Every line of the material needs an exact copy, apart from the images.

_Given data_
--- START ---
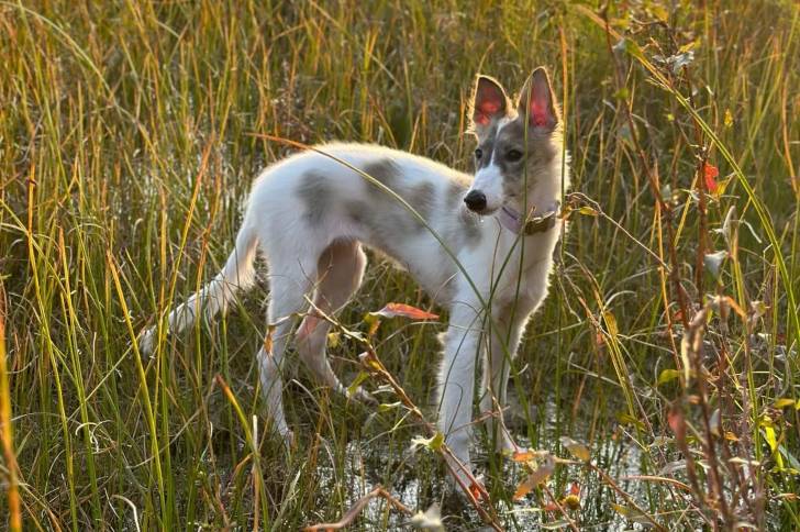 Un Lévrier de Soie sur une surface herbacée et portant un collier autour du cou
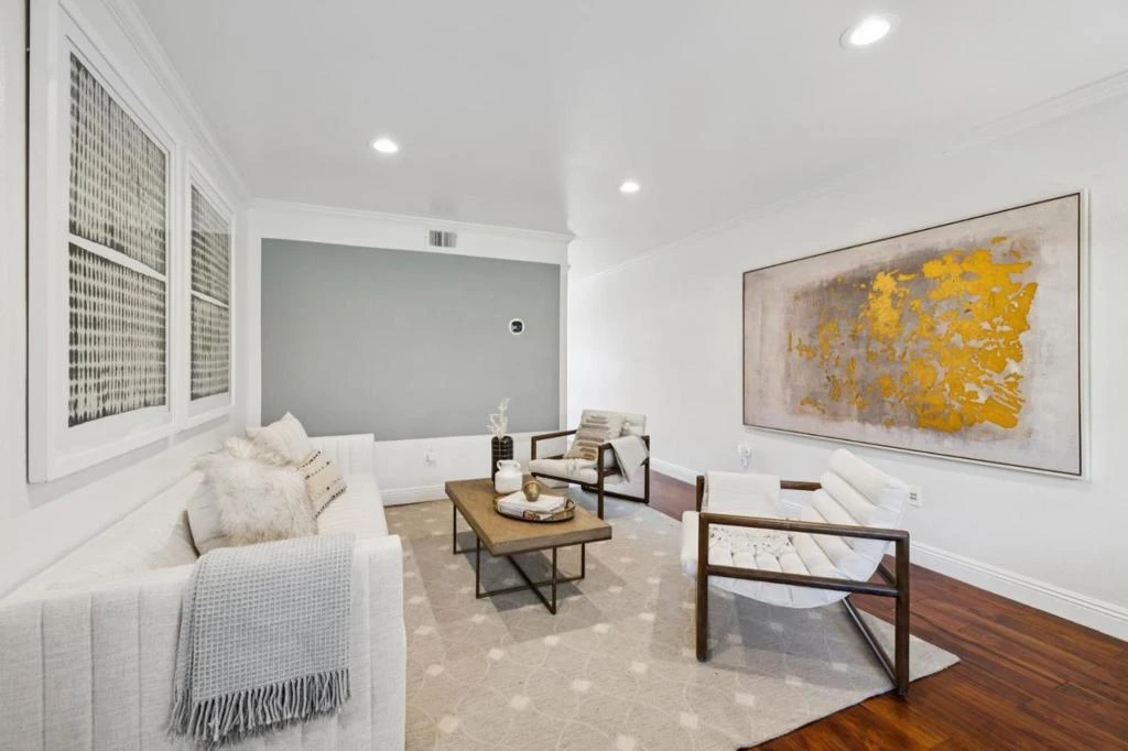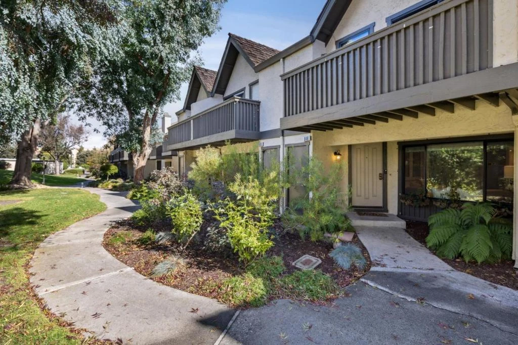 Beautifully maintained light-filled 2-story townhome centrally located for an easy commute! This spacious townhome is designed for easy living! Renovated in 2018 & 2025 & continually refreshed, the stunning great room with gleaming wood floors and a picture window overlooks a serene front garden. Modern eat-in chef's kitchen with quartz counters, custom cabinets, stainless steel appliances, and custom designer tile backsplash. Sliding doors extend the kitchen into a private backyard patio, ideal for year-round indoor/outdoor California living. Light-filled primary bedroom with private balcony and a stunning ensuite bath, including an oversized granite vanity with a designer glass tile surround and a shower. Second bedroom features ample light & storage, plus a beautiful ensuite bath with granite counters, designer glass tile accents, and a shower/tub combo. Additional features include a stackable washer/dryer, a smart thermostat, a Navien tankless hot water heater, central A/C, and a detached two-car garage with storage. Located in the desirable San Miguel neighborhood, walkable to shopping and dining. Near high-tech campuses, shuttle routes, 101. Note: The Home Has Been Previously Staged. Minimum 720 FICO and 2.5x rent as income to qualify.
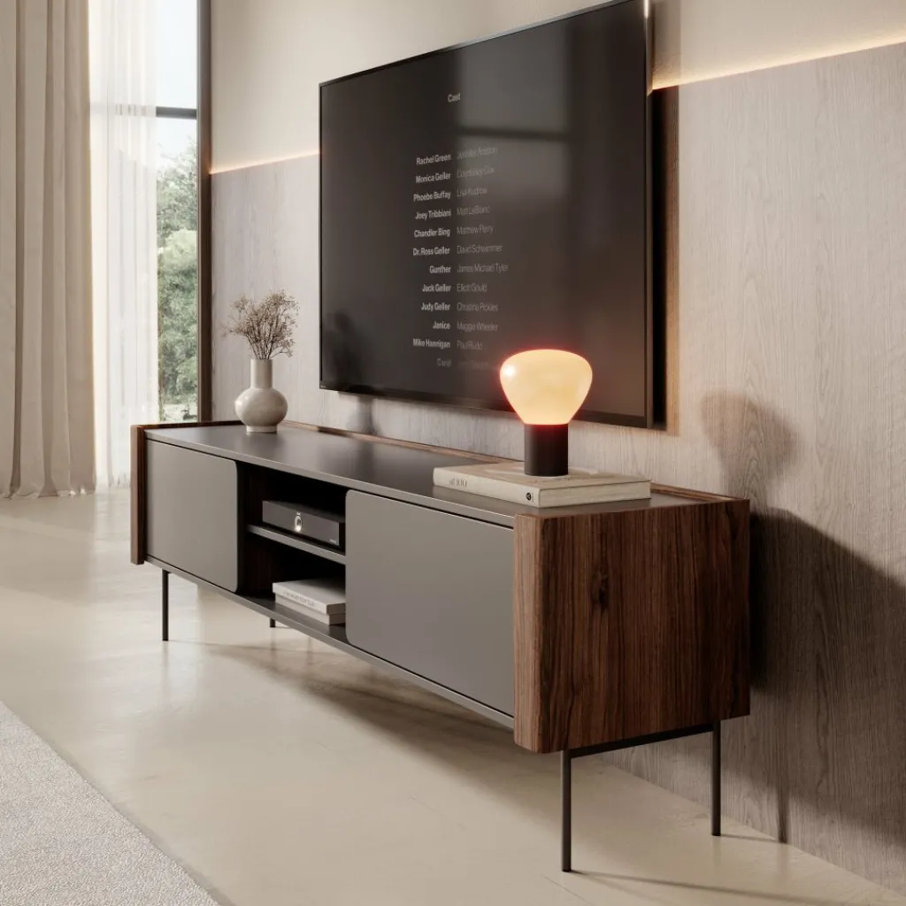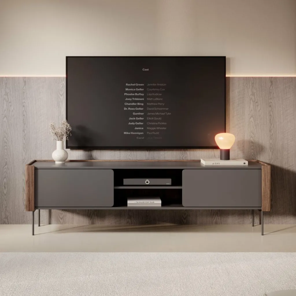 Het Lux tv-meubel combineert een matzwart front met warme houtaccenten aan de zijkanten. De afgeronde hoeken en strakke lijnen zorgen voor een rustige, moderne uitstraling die goed past in eigentijdse woonkamers. Dankzij de slanke metalen poten oogt het meubel licht en blijft de ruimte eromheen makkelijk toegankelijk.
--- END ---
_Written answer_
 Un Lévrier de Soie sur une surface herbacée et portant un collier autour du cou
 Beautifully maintained light-filled 2-story townhome centrally located for an easy commute! This spacious townhome is designed for easy living! Renovated in 2018 & 2025 & continually refreshed, the stunning great room with gleaming wood floors and a picture window overlooks a serene front garden. Modern eat-in chef's kitchen with quartz counters, custom cabinets, stainless steel appliances, and custom designer tile backsplash. Sliding doors extend the kitchen into a private backyard patio, ideal for year-round indoor/outdoor California living. Light-filled primary bedroom with private balcony and a stunning ensuite bath, including an oversized granite vanity with a designer glass tile surround and a shower. Second bedroom features ample light & storage, plus a beautiful ensuite bath with granite counters, designer glass tile accents, and a shower/tub combo. Additional features include a stackable washer/dryer, a smart thermostat, a Navien tankless hot water heater, central A/C, and a detached two-car garage with storage. Located in the desirable San Miguel neighborhood, walkable to shopping and dining. Near high-tech campuses, shuttle routes, 101. Note: The Home Has Been Previously Staged. Minimum 720 FICO and 2.5x rent as income to qualify.
 Het Lux tv-meubel combineert een matzwart front met warme houtaccenten aan de zijkanten. De afgeronde hoeken en strakke lijnen zorgen voor een rustige, moderne uitstraling die goed past in eigentijdse woonkamers. Dankzij de slanke metalen poten oogt het meubel licht en blijft de ruimte eromheen makkelijk toegankelijk.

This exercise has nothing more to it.